Liza Kate Pulman (born 1969) is a British singer and actress. 
She is an acclaimed solo singer and comedienne and one third of the satirical comedy trio Fascinating Aïda. As a member of the group, she received Drama Desk Award nominations in 2005 and 2010. Pulman has an extensive career that encompasses music, theatre, comedy, writing and presenting.

Biography

Early life
Born in 1969 in Westminster, Pulman is the daughter of the actress Barbara Young and the screenwriter Jack Pulman. She has an older sister, Cory, and when they were teenagers they sang together as "the Pulman Sisters", singing numbers from the Roaring Twenties through to the 1940s in the foyers of the Royal Festival Hall and the National Theatre. Pulman then trained at the Guildhall School of Music and Drama for six years and was taken on as a junior principal with the Glyndebourne Chorus.

Personal life
Pulman married firstly the Irish-born actor David Ganly and secondly Steve Hutt, the manager of Fascinating Aida. She lives in Cornwall with her husband.

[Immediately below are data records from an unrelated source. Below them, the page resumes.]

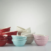 Das markant gemusterte Äußere und die 4 ansprechenden Farbtöne rot, cremeweiß, hellblau und pastellrosa machen diese Rührschüssel zum absoluten Hingucker.
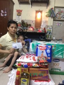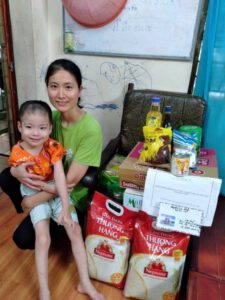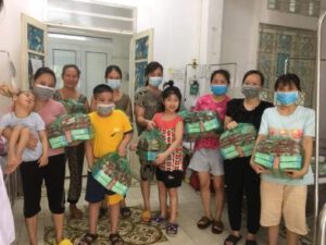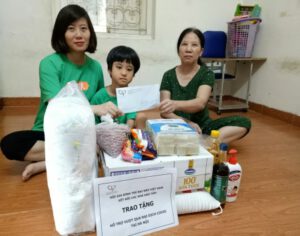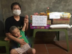 Với sự hỗ trợ của MTQ cũng là mẹ siêu nhân Chinh Nguyễn cùng với quỹ Hội, đại diện Chi hội Thanh Xuân – Hà Đông – Nam Từ Liêm (Hà Nội) đã đến trao quà hỗ trợ cho 9 gia đình đang mắc kẹt tại Bệnh viện Phục hồi chức năng Hà Nội gồm sữa, mì gói phần nào giúp các gia đình vượt qua những ngày Hà Nội giãn cách này.
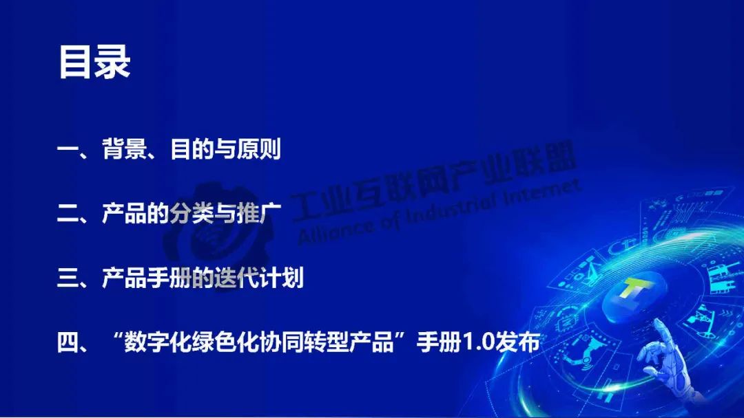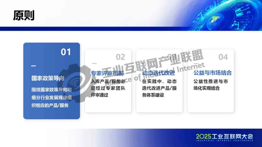 《數(shù)字化綠色化協(xié)同轉型產品手冊1.0》的四個原則:一是國家政策導向:圍繞國家政策導向和細分行業(yè)發(fā)展規(guī)律組織相應的產品/服務。二是專家評審機制:入庫產品/服務必須經過專家團隊評審通過。三是動態(tài)迭代改進:在實踐中,動態(tài)迭代改進產品/服務體系建設。四是公益與市場結合:公益性推進與市場化實現(xiàn)結合。
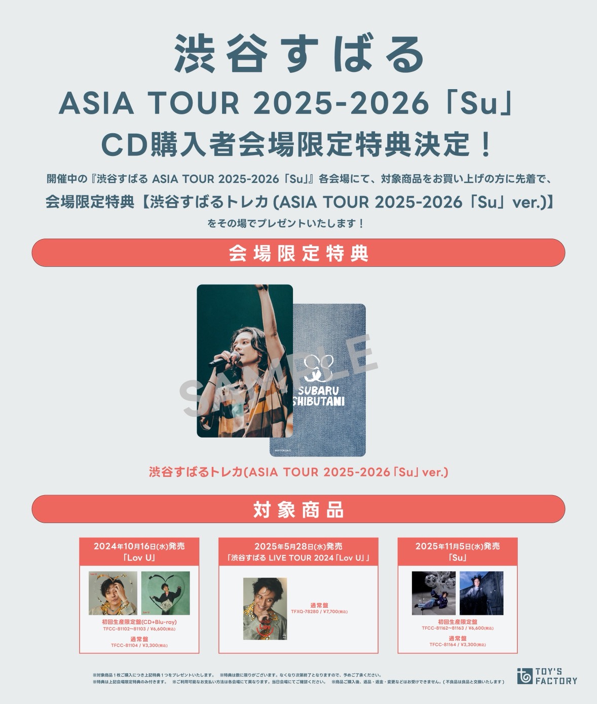 現在開催中の 『渋谷すばる ASIA TOUR 2025-2026「Su」』各会場にて、対象商品をお買い上げの方に先着で、会場限定特典【渋谷すばるトレカ(ASIA TOUR 2025-2026「Su」ver.)】をその場でプレゼントいたします!
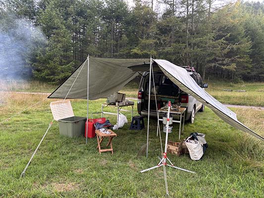 車も昔使っていたタープをそれ用にアレンジし、万が一の雨にも備えます。
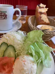 土曜モーニング☕️🍞🥗 おはようございます🐱快晴☀️寒い❄️ 昨日の胃カメラの影響か、胃の具合がイマイチ🥲でも不思議とコメダでは食欲が出るのです🙂 みなさま、今日もご安全に、素敵な一日をお過ごしくださいね😊

Pulman was on the London Underground train which was bombed in the 7 July 2005 London bombings; her mobile phone footage of the experience was broadcast on international television, and her article was published in the G2 section of The Guardian.

Career
Pulman appeared in The Gondoliers and The Coffee House at the Chichester Festival Theatre. Her acting credits include her portrayal of Violet in the London Palladium's production of Chitty Chitty Bang Bang, and she starred opposite Phillip Schofield and Russ Abbot in the British national tour of Doctor Dolittle.

She has also played Cathy in Wuthering Heights (European tour), Eurydice in the world premiere of Harrison Birtwistle's The Second Mrs. Kong (Glyndebourne Festival Opera), and leading roles with Music Theatre London, the D'Oyly Carte Opera Company and the Carl Rosa Opera Company. Her many cabaret performances include Listen Up! with composer and lyricist Jason Carr. She appeared in Dick Whittington at the Watford Palace Theatre from November 2008 to January 2009.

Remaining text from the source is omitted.